Question 2.5: In an experiment similar to the Joule experiment (Fig. 1.1),...

a) According to the first law, the increase of internal energy ΔU during a time interval Δt is given by,

ΔU = P_Q Δt.

The increase of internal energy ΔU for a temperature increase ΔT of the liquid yields,

ΔU = Mc_M ΔT.

Thus, by comparing these two equations, the temperature increase ΔT is found to be,

ΔT =\frac{P_Q Δt}{Mc_M}= 3.8K.

b) The first law (2.22) is written as,

\dot{U}(S) = T(S) \dot{U} = P_Q.    (2.22)

\dot{U} =  T\dot{S} = P_Q      thus    \dot{S} = \frac{P_Q }{T}.

According to a) the temperature is given by,

T=T_0+\frac{P_Q}{Mc_M} t.

which implies that,

dS =\frac{P_Q}{T} dt= \frac{P_Q}{T_0+\frac{P_Q}{Mc_M}t } =Mc_M \Biggl(\frac{\frac{P_Q}{Mc_M T_0}dt }{1+\frac{P_Q}{Mc_M T_0}t }\Biggr) .

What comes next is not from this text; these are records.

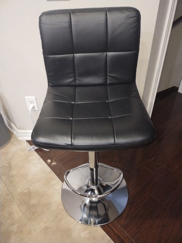 Selling a black swivel bar stool. It's in great shape and would look great in any kitchen or bar area! The stool has a padded seat and a chrome base.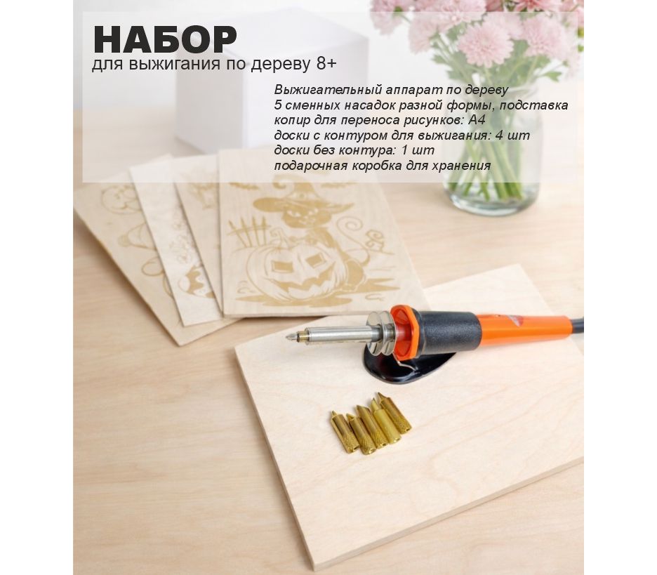 Набор для выжигания по дереву «Праздники» — это увлекательный творческий комплект для детей от 8 лет, который позволяет создавать тематические рисунки и декоративные работы своими руками. Набор идеально подойдёт для развития творческих навыков, усидчивости и внимательности, а также станет отличным вариантом полезного досуга без гаджетов.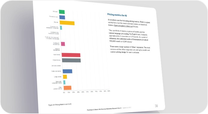 Pricing metrics for AI AI solu琀椀ons use the following pricing metrics. There is a great variety here, but the most common metrics are based on tokens. Open.ai explains tokens as follows: “You can think of tokens as pieces of words used for natural language processing. For English text, 1 token is approximately 4 characters or 0.75 words. As a point of reference, the collected works of Shakespeare are about 900,000 words or 1.2M tokens.” There were a large number of ‘Other’ responses. The most common of the other responses are pricing by model and custom pricing design for each customer. Figure 29: Pricing Metrics used in AI PeakSpan & Ibbaka Net Revenue Reten琀椀on Research Report September 2023 38
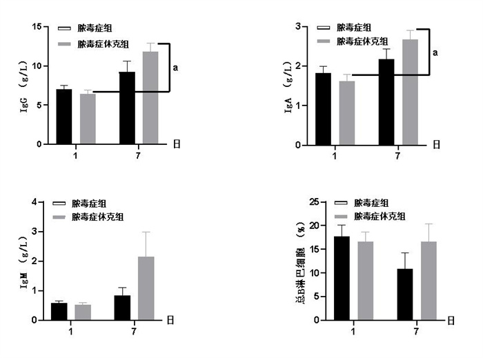 IgG(g/L) | 10.16±0.90 | 9.16±0.80 | 7.00±0.50ab | 6.43±0.47ab | 5.143 | 0.011 |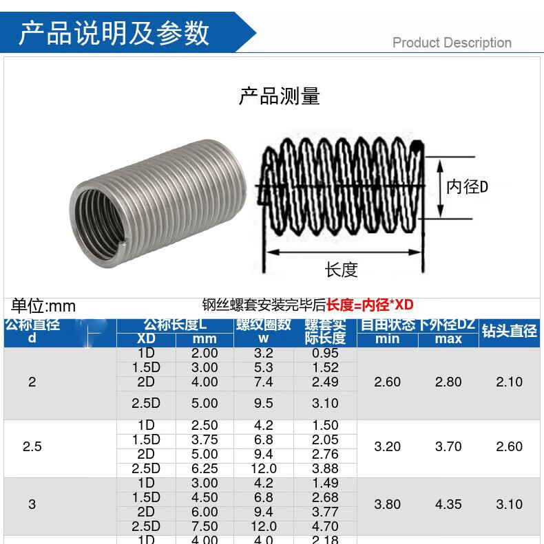 Bingneng 304 stainless steel fine tooth thread braces dense tooth protective sleeve screw sleeve steel wire sleeve spring repair steel sleeve screw sleeve M9*1 point 25*1 point 5D20 only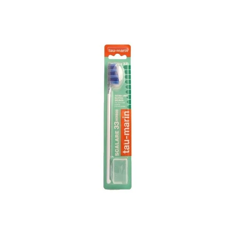Scalare 33 (Setole morbide)Specificatamente disegnato per garantire una pulizia completa della superficie dentale permettendo al tempo stesso un massaggio gengivale perfetto. Testina ellittica scalare, inclinata di 15°. Studiata per garantire una maggiore pulizia anche nei punti più difficili da raggiungere. Setole arrotondate in Tynex ad elasticità differenziata. Il materiale perfetto per evitare traumi a denti e gengive, liberando il cavo orale dai batteri e garantendo un’ottima resistenza nel tempo. Setole morbide, per rimuovere efficacemente la placca, e semirigide, per massaggiare delicatamente le gengive. Manico ergonomico studiato nella forma e nella lunghezza per una giusta impugnatura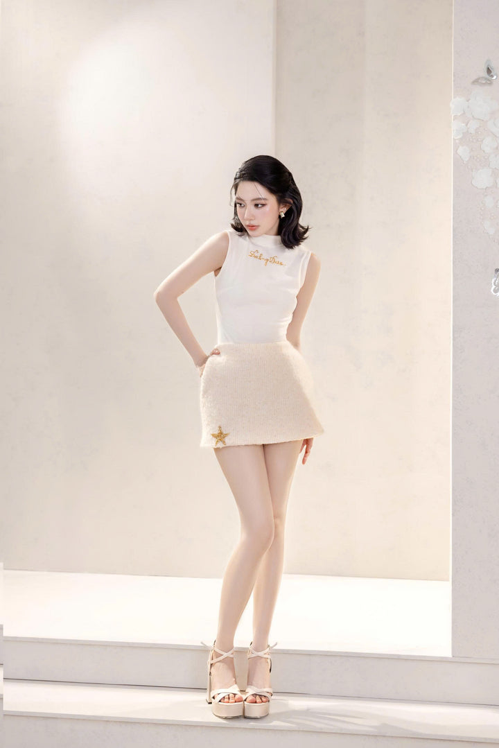 Bộ set tweed gồm áo khoác bomber phom suông và chân váy mini được xử lý tinh xảo, tạo nên sự hòa quyện hoàn hảo giữa nét trẻ trung và sự thanh lịch vượt thời gian.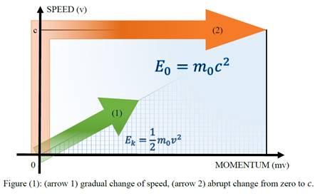 والشكل التالي يوضح استنتاج معادلة التكافؤ بين الطاقة والكتلة من نفس المعادلات التقليدية التي تُستخدم عادة لاستنتاج الطاقة الحركية، ولكن في الحالات العادية عندما يحصل التغير في السرعة في الزمن الخارجي نحصل على معادلة الطاقة الحركية العادية، وهي التي تتضمن النصف الذي ينتج من التكامل عبر الزمن، وأما في الحالة الثانية عندما يكون التغير في الزمن الداخلي فيحصل التغير بشكل آني في الزمن الخارجي، وبما أنّ الوجود في الزمن الداخلي هو وجود ميتافيزيقي فليست هناك مشكلة في الحركة الآنية لأنّ كلَّ جزء من مكوناته ليس له كتله، والكتلة تتكون من ترابط هذه الأجزاء الذي يظهر فقط على المستوى الخارجي للزمن.
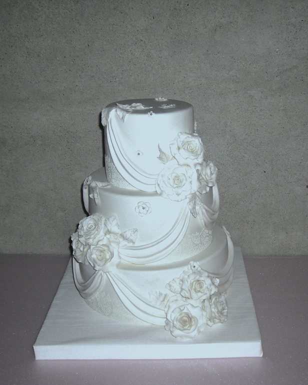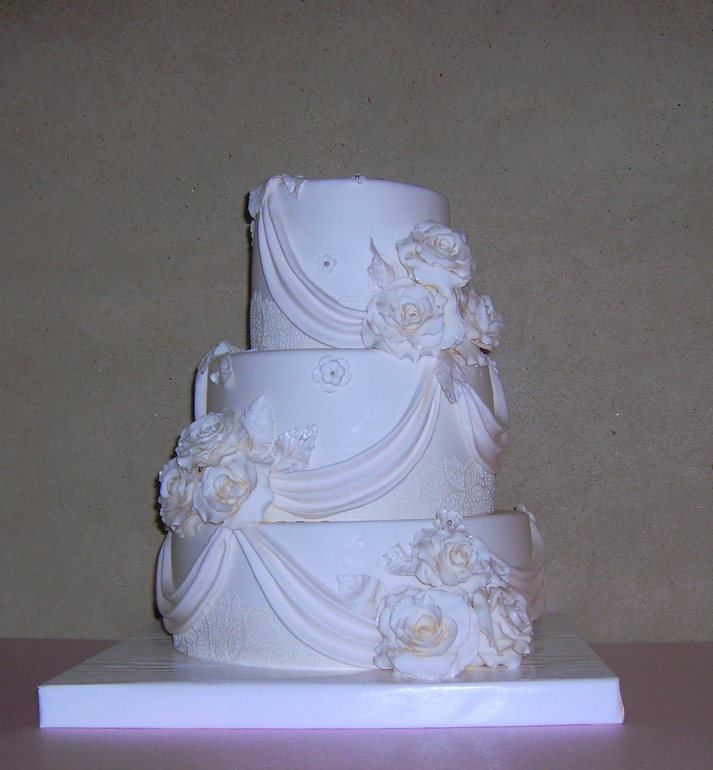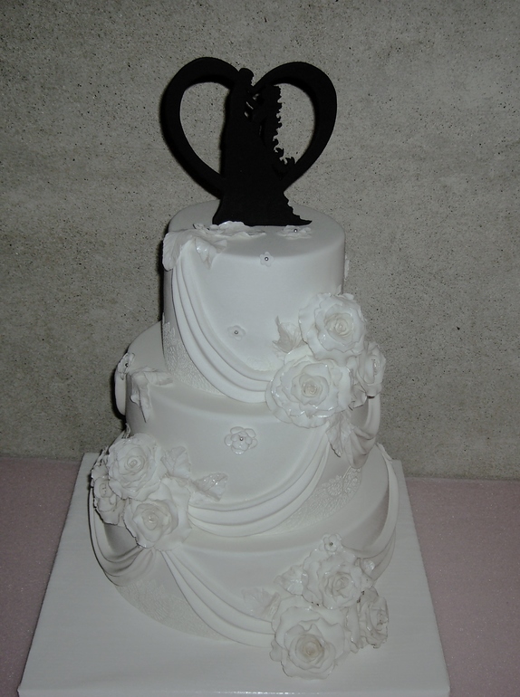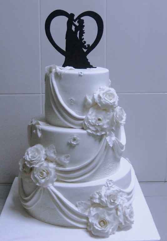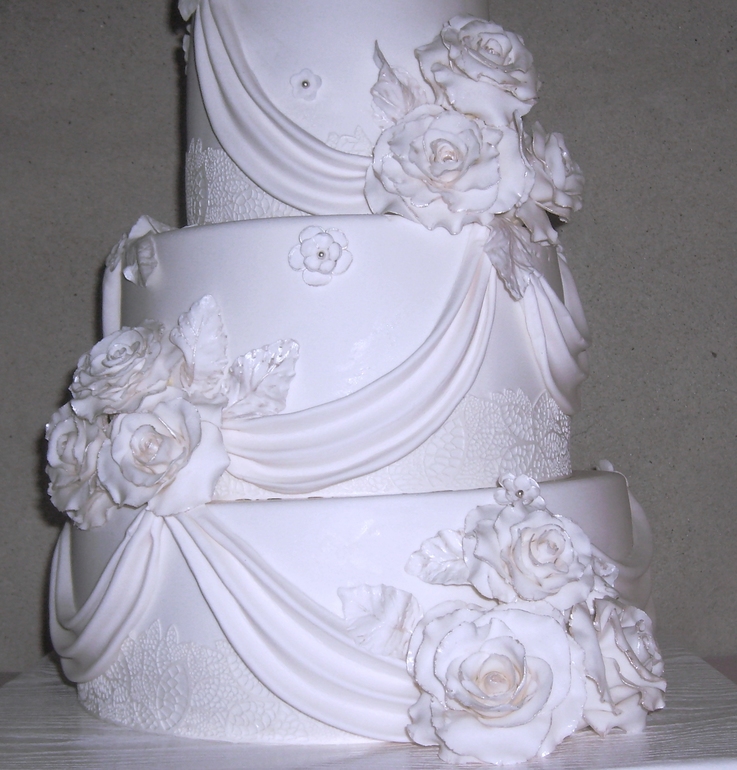 - торт делался долго и мучительно.. с постоянными уточнениями у клиента .. оттенять цветы строго запретили - чисто белый.. но потом разрешили немного серебра добавить.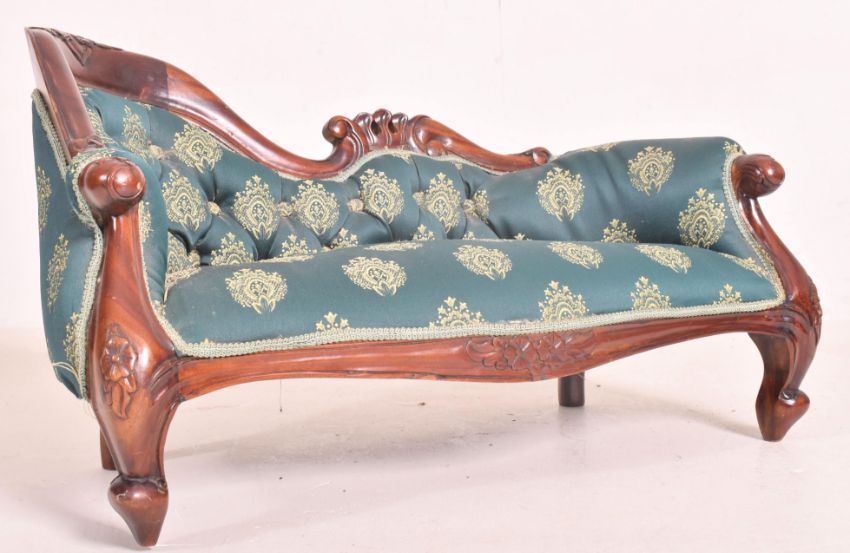 An early 20th century apprentice piece mahogany upholstered chaise longue settee daybed. The settee featuring scrolling mahogany frame carved with floral detailing, featuring green buttonback upholstery.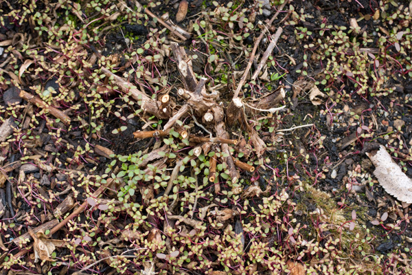 Ca m'a juste surpris d'avoir cette quantité de micro pousses, dont une forte concentration autour d'une fleur fanée et tombée à terre.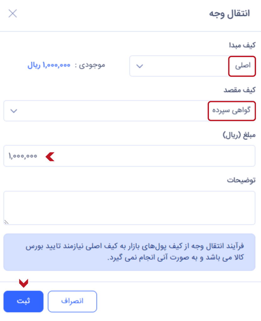 5. در پنجره باز شده کیف مبدا را بر روی اصلی و کیف مقصد را بر روی گواهی سپرده انتخاب نموده و پس از وارد کردن مبلغ بر روی ثبت کلیک کنید.

When integrating this equation over time, we obtain,

= S_0 + Mc_M \ln \Bigl(1+\frac{P_Q  t}{Mc_M T_0} \Bigr).

Thus, the entropy increase during the stirring process is,

ΔS = S (Δt) − S_0 = Mc_M \ln \Bigl(1+\frac{P_Q \Delta t}{Mc_M T_0} \Bigr).